Automated cloud testing setup using Selenium grid and Docker Swarm

Maintaining infrastructure for automated Selenium cross-browser tests is time-consuming.

The cloud testing platforms like BrowserStack and Saucelabs help you. But in some cases, you want to have your own cloud testing environment. This is usually time-consuming and involves setting up and using Selenium Grid. This post helps testers to automate the setup process for cloud-based testing. We hope this post will make it easier for you to setup the cluster setup environment for distributing tests across a number of machines using Selenium Grid and Docker Swarm.

Selenium Grid enables testers to parallelize their testing pipeline. It can be used to automate the process of manually setting up a distributed test environment where you can expose the code to these environments. This helps speed up the cycle of Continuous Integration. This can be sped up even further by using the capabilities of Docker Swarm. This article will show you some scripts which we built to help to quickly create and configure a cluster rapidly.


Prerequisites

This post assumes prior knowledge of Docker and some experience working with Docker. You should also be familiar with the following AWS EC2 services.


Objective

By the end of this tutorial, you will be able to run some sample Selenium tests parallelly across AWS machine setup having Chrome and Firefox drivers. To achieve this you need to

1) Automate the provisioning of resources on AWS
2) Set up the swarm manager and workers
3) Create the Selenium Grid
4) Deploy the Selenium Grid to AWS via Docker Compose
5) Run automated tests on Selenium Grid
6) Automate de-provisioning of resources on AWS

Note:- This article will walk you through setting up a Grid on AWS using 3 machines (1 manager, 2 worker nodes). Before going into details lets have a brief about Selenium grid and Docker Swarm.


What is Selenium Grid?

Selenium-Grid allows you to run your tests on different machines against different browsers in parallel. The entry point of Selenium Grid is a Selenium Hub. Our test cases will hit the hub and spin up whatever browser is available within your Grid using the DesiredCapabilities function of Selenium. Next elements are nodes, which are machines that are registered to the hub which can execute the test cases. To run multiple tests in parallel, a grid is a must.

What is Docker Swarm?

Docker Swarm is a tool used to cluster and orchestrate Docker containers. There are two types of nodes: manager nodes (to define services), and worker nodes (instructed by manager nodes based on the service definition). You submit a service definition to a manager node. The service definition consists of one or more tasks and how many replicas of that service you want to run on the cluster.


About our automation scripts

We wrote two scripts, swarm.sh and swarmdown.sh.
The swarm.sh will

  • spin up the EC2 instances,
  • set up the swarm manager and workers,
  • create the Selenium Grid,
  • deploy the Selenium Grid to AWS via Docker Compose.
  • The swarmdown.sh will

  • shut down the EC2 resources
  • Here is the complete swarmup.sh script.

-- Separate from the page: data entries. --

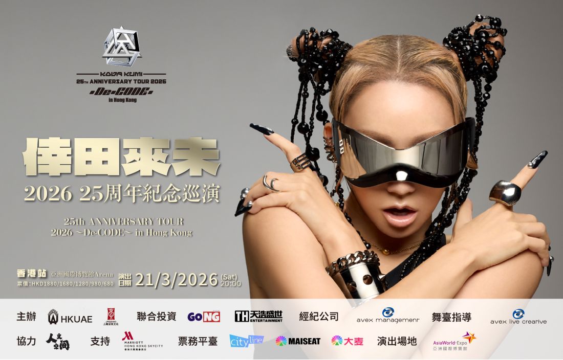 After 13 long years away from Chinese-speaking audiences, she’s gifting Hong Kong the exclusive overseas stop of her 25th anniversary tour “De-CODE”! Stage design, choreography—every detail mirrors Japan’s top-tier production standards, promising a mind-blowing live spectacle you won’t forget.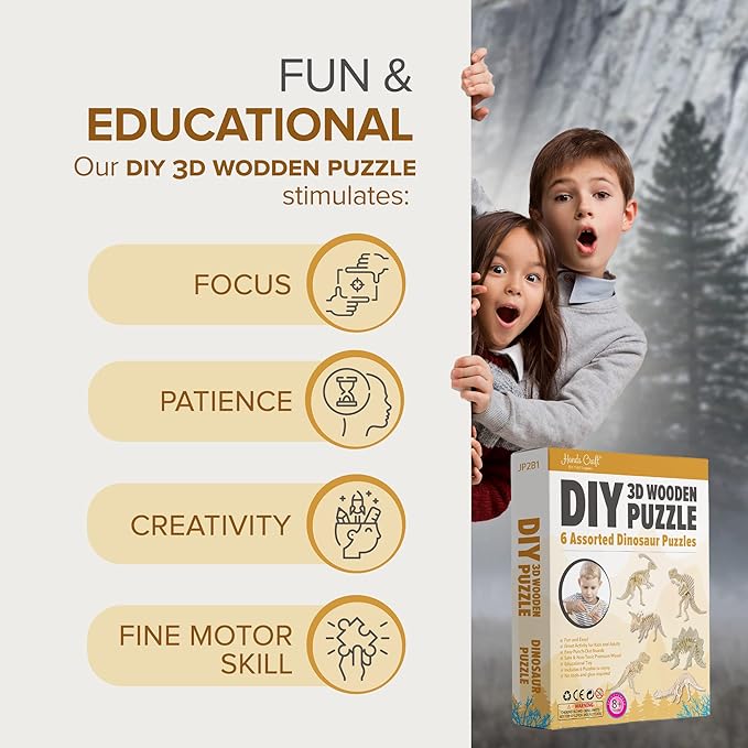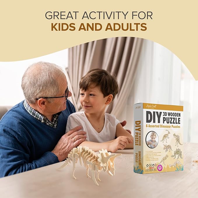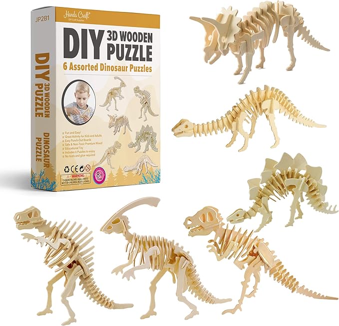 Hands Craft DIY 3D Wooden Puzzle – 6 Assorted Dinosaur Bundle Pack Set Brain Teaser Puzzles Educational STEM Toy Adults and Kids to Build Safe and Non-Toxic Easy Punch Out Premium Wood JP2B1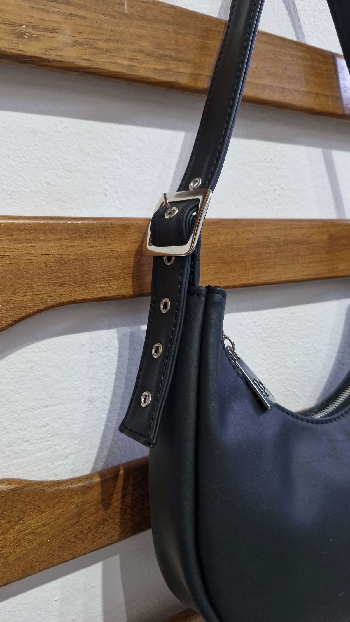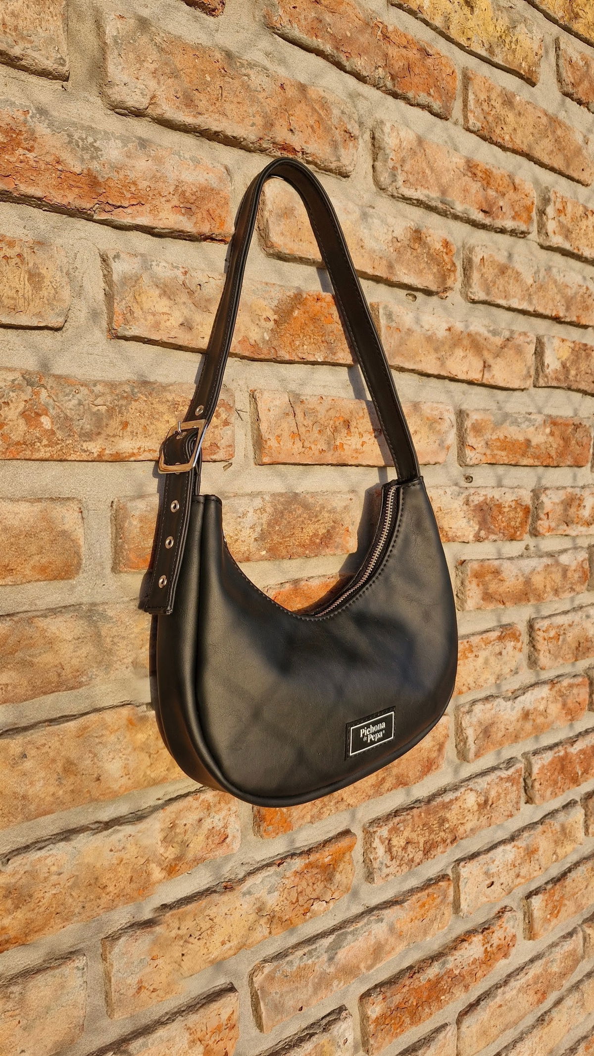 Mide 26 cm de ancho por 13 cm de alto, con una profundidad de 6 cm. Esta completamente forrada, tiene un único compartimento con cierre de punta a punta. La correa mide 60 cm y tiene ojales para regular su largo.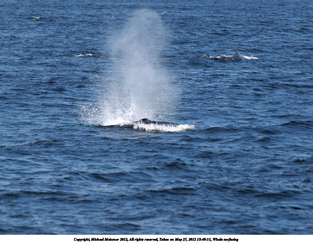 Picture #47: Whale surfacing #3 1000x773, 151,790 bytes (149K), (html file) Olympus E-5 camera with Olympus 50-200mm lens and Olympus EC-14 (1.4x) f/7.1, ISO 200, 1/640 sec, 80.0mm, auto mode, vivid color, matrix metering, IS1 (All Direction Shake IS) 35mm equivalent focal length 160.0mm, EC-14 Programs used: crop, raw therapee Taken by Michael Meissner on May 27, 2012 16:05:59 Last modified on June 02, 2012 at 22:37 |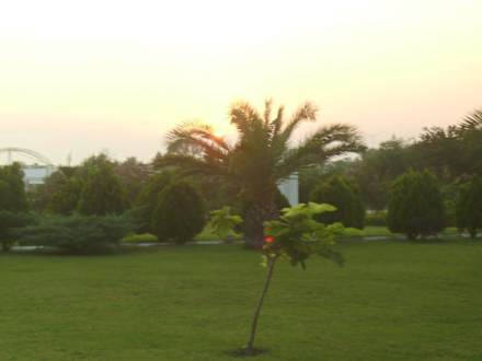 Территория отеля по дороге к морю, закат солнца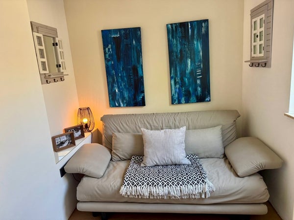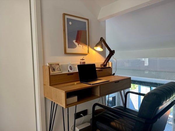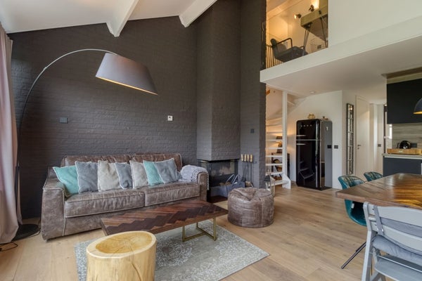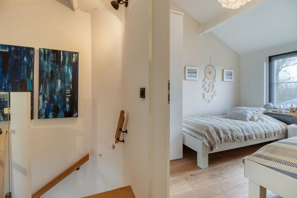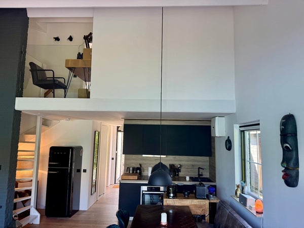 Via de trap in de woonkamer komt u op de eerste verdieping. Op de overloop met vide is ruimte voor een bureau waardoor dit ideaal is als werkplek.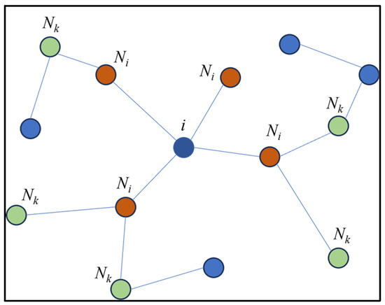 Schematic diagram of the building proximity graph. i represents a building node in the GATs training; Ni represents the first-order neighboring nodes of node i; Nk represents the second-order neighboring nodes of node i.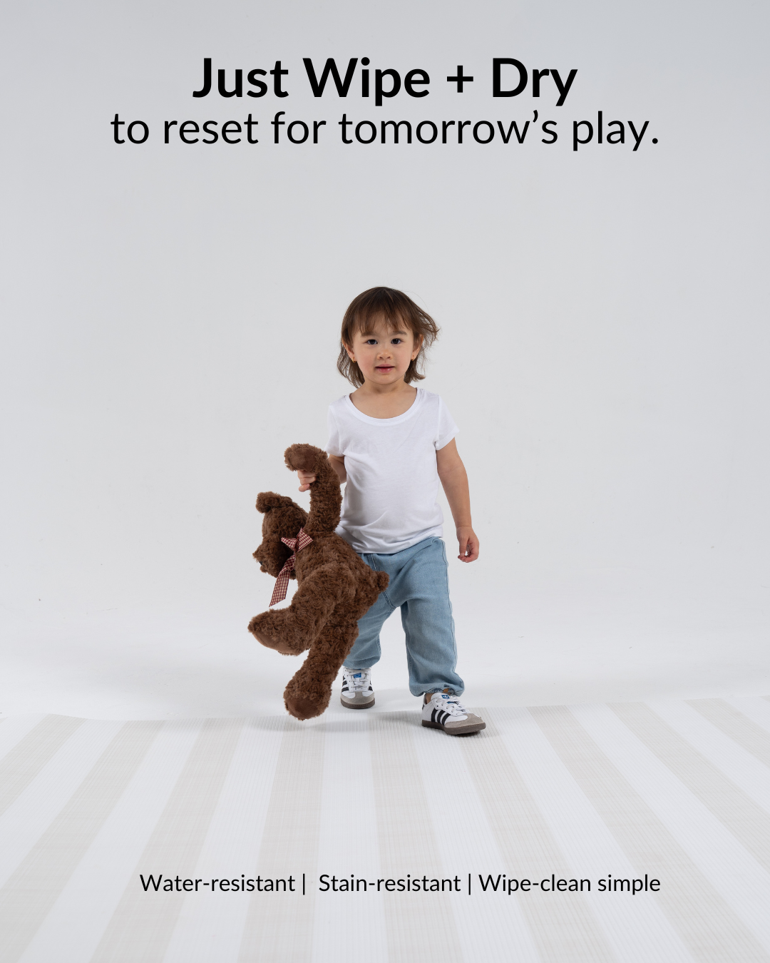 • Waterproof, stain-resistant & easy to clean - Life with little ones is messy, but cleanup doesn’t have to be. This mat is water-resistant and designed to repel spills, stains, and everyday dirt. Just wipe it down with a damp cloth and dry—no special cleaners or scrubbing required. Whether it’s snack time, craft time, or crawling time, it’s always ready for action.

We will have a look at each section in detail below.

    swarmup.sh

    #!/bin/bash
     
    echo "Spinning up three aws instances..."
    for i in 1 2 3 ; do
    	docker-machine create \
    		--driver amazonec2 \
    		--amazonec2-open-port 2377 \
    		--amazonec2-open-port 7946 \
    		--amazonec2-open-port 4789 \
    		--amazonec2-open-port 7946/udp \
    		--amazonec2-open-port 4789/udp \
    		--amazonec2-open-port 8080 \
    		--amazonec2-open-port 80 \
    		--amazonec2-open-port 22 \
    		--amazonec2-open-port 4444 \
    		swarmmode-$i
    done		
     
    #update os
    for i in 1 2 3; do
    	echo "updating swarmmode-$i"
        docker-machine ssh swarmmode-$i 'apt-get update && apt-get upgrade -y && reboot'
    done
     
    sleep 10
     
    echo "Initializing Swarm mode..."
    for i in 1 2 3; do
    	if [ "$i" == "1" ]; then
            manager_ip=$(docker-machine ip swarmmode-$i)
    		eval $(docker-machine env swarmmode-$i) && \
              docker swarm init --advertise-addr "$manager_ip"
            worker_token=$(docker swarm join-token worker -q)
    	else        
    		eval $(docker-machine env swarmmode-$i) && \
            docker swarm join --token "$worker_token" "$manager_ip:2377"
        fi
    done
     
    echo "Deploying Selenium Grid to http://$(docker-machine ip swarmmode-1):4444..."
     
    eval $(docker-machine env swarmmode-1)
    docker stack deploy --compose-file=docker-compose.yml selenium_test

    We have created 3 EC2 instances of t2.micro instance type using ubuntu image(By default, the Amazon EC2 driver will use a daily image of Ubuntu 15.10 LTS so that latest version of Docker can be installed)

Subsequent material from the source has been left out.